Now longer cuts of the individual interviews are available, and you can watch them all on this page.
Caroline Derbyshire, Chair of Headteachers’ Roundtable, says it’s, “ridiculous to give children a test at
the age of 11. It’s ridiculous for all sorts of reasons, one is that children mature at different stages, secondly it creates this notion that you are a failure for 75% of children… We know that children mature at different ages, we know that they continue to improve and that the sky’s the limit if their teachers believe in them.”

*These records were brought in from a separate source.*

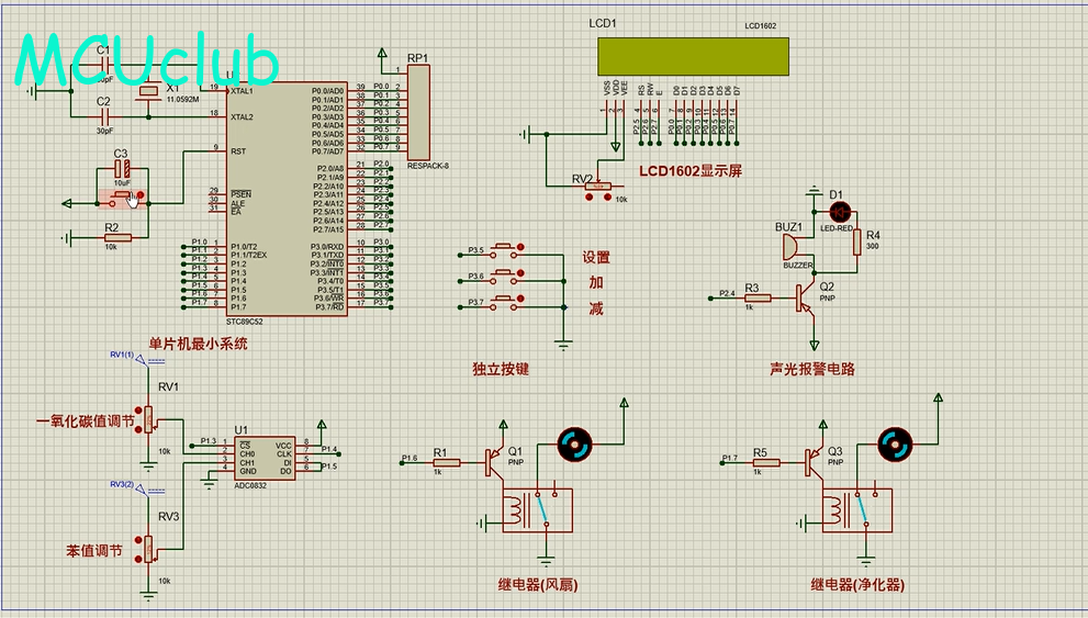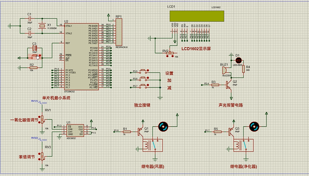 1、通过MQ-7模块检测CO值,当CO值大于设置最大值时开启风扇和净化器,同时进行声光报警提醒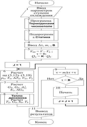 характеристик концевой ступени охлаждения при действии импульсных тепловых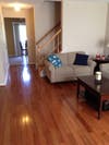 The room is a master bedroom with 2 Closet Maid closets and a private bathroom with heated tile floors. Newer beautiful hardwood floors throughout. Access to all three levels includes entirely remodeled and fully equipped kitchen with granite counter tops and stainless steel appliances, fully furnished living room, washer/dryer, beautiful deck, pool, and a permit parking space. Rent is $800/month plus utilities (electric and water split 3 ways each month). Cable tv and wifi internet (Verizon Fios) are included in the rent price. The bedroom can be available fully furnished for an additional $50/month.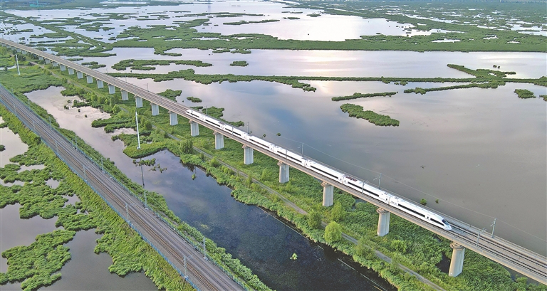 动车组列车穿过大庆龙凤湿地。记者 张澍摄

Lewis Iwu is the co-founder of the Purpose Union and founding Director of the Fair Education Alliance, he says, “I oppose grammar schools because I think they undermine social mobility. I have a problem with the 11-plus exam because parents can basically game the system for their children. A lot of people have extensive tuition, and that tuition costs money. It’s a problem if it’s the people with money who are able to get their kids ahead in the system. So for me in any education system you want to minimize the impact of wealth and money in terms of accessing opportunity.”

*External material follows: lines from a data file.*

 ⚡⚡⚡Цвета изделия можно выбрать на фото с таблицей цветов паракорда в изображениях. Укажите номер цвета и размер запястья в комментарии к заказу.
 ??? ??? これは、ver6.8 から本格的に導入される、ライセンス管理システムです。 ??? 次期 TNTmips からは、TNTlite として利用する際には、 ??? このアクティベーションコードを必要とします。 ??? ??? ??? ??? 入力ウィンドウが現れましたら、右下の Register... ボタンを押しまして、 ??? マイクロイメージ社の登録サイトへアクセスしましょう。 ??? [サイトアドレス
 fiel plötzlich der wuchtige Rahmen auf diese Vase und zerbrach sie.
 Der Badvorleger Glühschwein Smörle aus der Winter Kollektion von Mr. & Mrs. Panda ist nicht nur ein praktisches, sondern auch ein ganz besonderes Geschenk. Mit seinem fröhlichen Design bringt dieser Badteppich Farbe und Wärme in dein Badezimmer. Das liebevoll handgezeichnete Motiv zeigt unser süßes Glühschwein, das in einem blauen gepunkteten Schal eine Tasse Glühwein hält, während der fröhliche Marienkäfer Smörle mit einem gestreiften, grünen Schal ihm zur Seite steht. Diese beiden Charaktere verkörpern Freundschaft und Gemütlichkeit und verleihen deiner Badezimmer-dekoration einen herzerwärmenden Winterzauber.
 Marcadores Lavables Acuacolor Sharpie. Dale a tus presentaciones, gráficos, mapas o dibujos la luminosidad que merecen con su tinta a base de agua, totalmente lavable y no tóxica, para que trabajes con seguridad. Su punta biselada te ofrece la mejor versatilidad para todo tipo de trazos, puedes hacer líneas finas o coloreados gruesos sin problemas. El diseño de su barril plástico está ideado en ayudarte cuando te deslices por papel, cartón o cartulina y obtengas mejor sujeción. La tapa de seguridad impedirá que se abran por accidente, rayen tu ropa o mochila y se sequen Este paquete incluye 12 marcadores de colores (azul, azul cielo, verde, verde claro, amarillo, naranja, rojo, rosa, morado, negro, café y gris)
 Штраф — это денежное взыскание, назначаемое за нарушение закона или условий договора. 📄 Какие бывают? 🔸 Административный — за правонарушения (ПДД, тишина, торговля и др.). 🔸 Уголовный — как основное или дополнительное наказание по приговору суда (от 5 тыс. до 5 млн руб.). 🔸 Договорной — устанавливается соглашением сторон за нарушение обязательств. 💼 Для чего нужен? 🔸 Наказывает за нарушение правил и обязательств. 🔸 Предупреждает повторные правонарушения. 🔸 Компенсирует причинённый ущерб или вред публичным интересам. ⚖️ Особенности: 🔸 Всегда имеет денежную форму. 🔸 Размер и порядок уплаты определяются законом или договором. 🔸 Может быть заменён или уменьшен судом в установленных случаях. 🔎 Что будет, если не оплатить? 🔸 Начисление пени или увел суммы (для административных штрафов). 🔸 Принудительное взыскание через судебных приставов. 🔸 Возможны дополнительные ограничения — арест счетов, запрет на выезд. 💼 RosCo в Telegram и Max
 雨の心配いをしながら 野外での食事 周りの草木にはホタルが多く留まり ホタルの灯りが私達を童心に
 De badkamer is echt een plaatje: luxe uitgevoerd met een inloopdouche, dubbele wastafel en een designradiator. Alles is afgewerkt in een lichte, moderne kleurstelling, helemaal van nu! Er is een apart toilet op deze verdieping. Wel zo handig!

Jack Deasley failed the 11-plus and is now a student at Cambridge. He talks about the impact on his friends. “I know people who had aspirations to be journalists or lawyers before they went through the 11-plus, and now they just assume that’s not going to be the case anymore. For most people in selective areas grammar schools prevent them from being able to move on to the careers they want…thousands thousands of 11 year olds are told to stop being ambitious.”

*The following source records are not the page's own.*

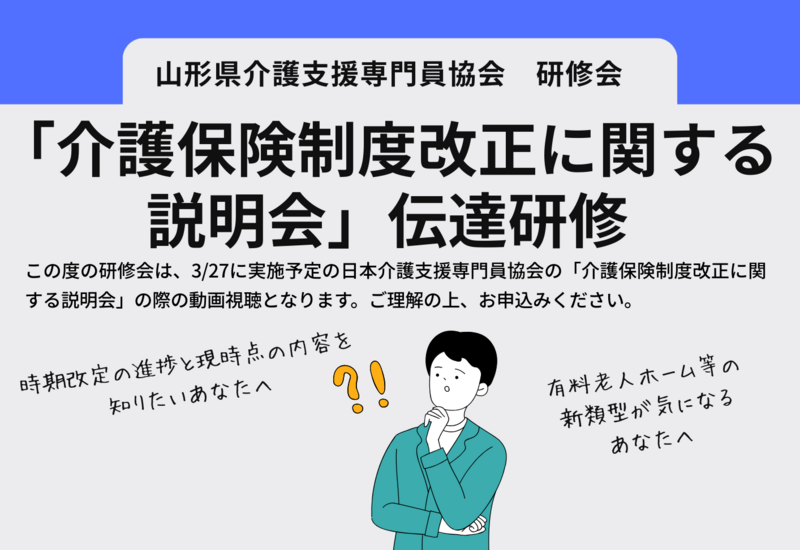 この度、一般社団法人日本介護支援専門員協会で令和8年3月27日に開催される「介護保険制度改正に関する説明会」の伝達研修を行うこととなりました。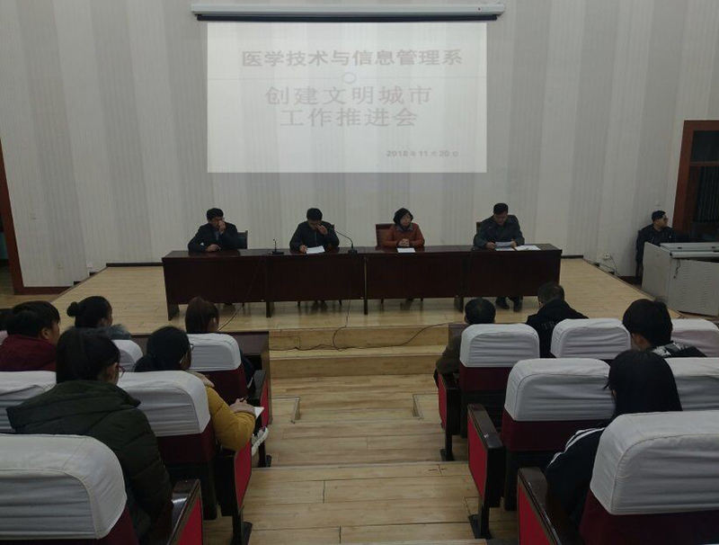 2018年11月20日,醫(yī)學(xué)技術(shù)與信息管理系在尚德樓正德廳召開創(chuàng)建全國文明城市工作推進會,系領(lǐng)導(dǎo)出席會議,輔導(dǎo)員、班主任及200余名學(xué)生參加了會議,會議由蔡濟眾副主任主持。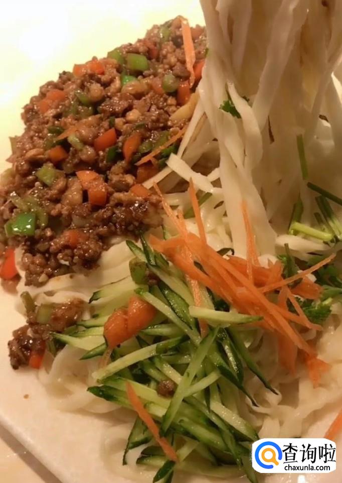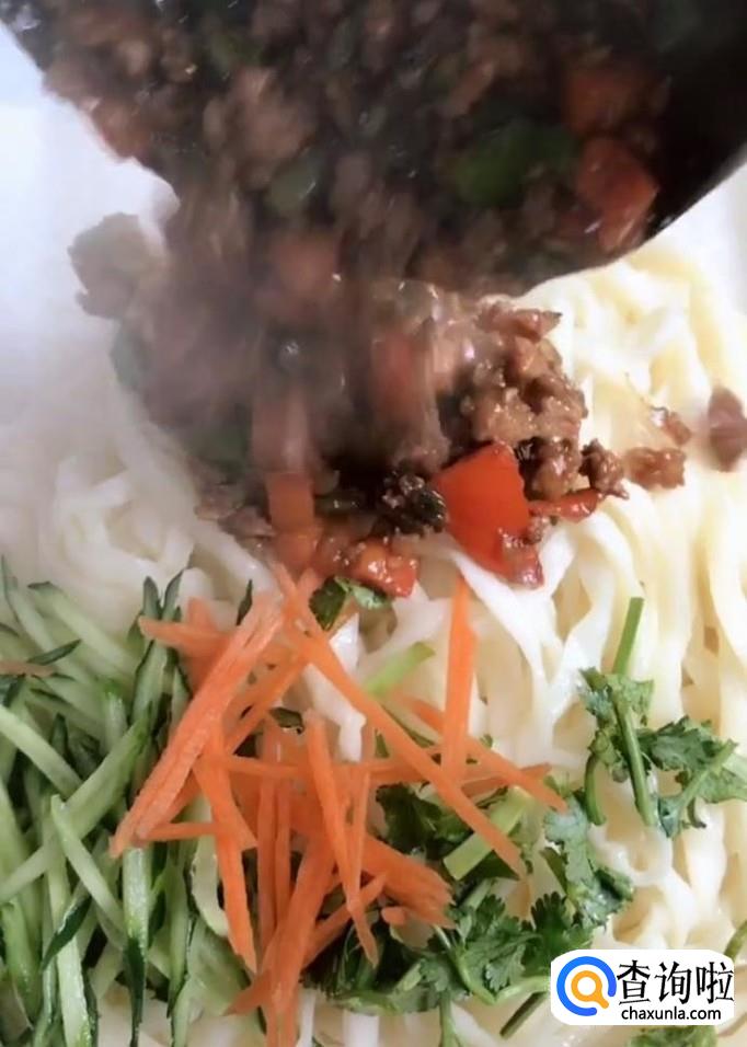 肉末,甜面酱,黄豆酱,清水,鸡精,白糖,老抽,辣椒,葱,黄瓜,香菜,胡萝卜,手擀面

Joanna Vaughan is a parent in Kent. Her children went to grammar schools but she soon realised the problems with these schools. She said, “If you ask the parents what exactly do you mean by ‘they offer a better education’ I think what they would often say is well they get fantastic results so therefore they must be a great school. But of course they’re going to get better results because actually they’ve creamed off a certain percentage of the cohort… My impression is that I think that grammar schools can rest on their laurels, and they don’t really have to try very hard. At the end of the day our education system is very, very, much about results, and they’re going to get those results. So they’re not having to motivate children, they’re not having to inspire them, they can just sit back and just let the kids get the results that the school needs in order to perform in league tables.”
Francesca McCarthy is a PhD researcher at the UCL Institute of Education, she talks about her project talking to secondary school pupils who failed the 11-plus. She said, “The majority of pupils do not pass the 11-plus and yet despite being in the majority they rarely get acknowledged when it comes to academically selective systems. They present the uncomfortable side of academic selection, they present the side that isn’t ever really raised when we talk about the grammar school debate, and it isn’t ever really raised in the kind of social mobility argument used in support of academically selective education…The pupils within it they are the voices that rarely get heard.”
Michael Rosen, the writer and broadcaster, couldn’t speak about the 11-plus because he’d lost his voice. He recorded his feelings none the less, and explained that, “The 11-plus is socially biased, and it gives many children low expectations. Low expectations affect outcomes. It’s wrong to lay down these expectations at 11.”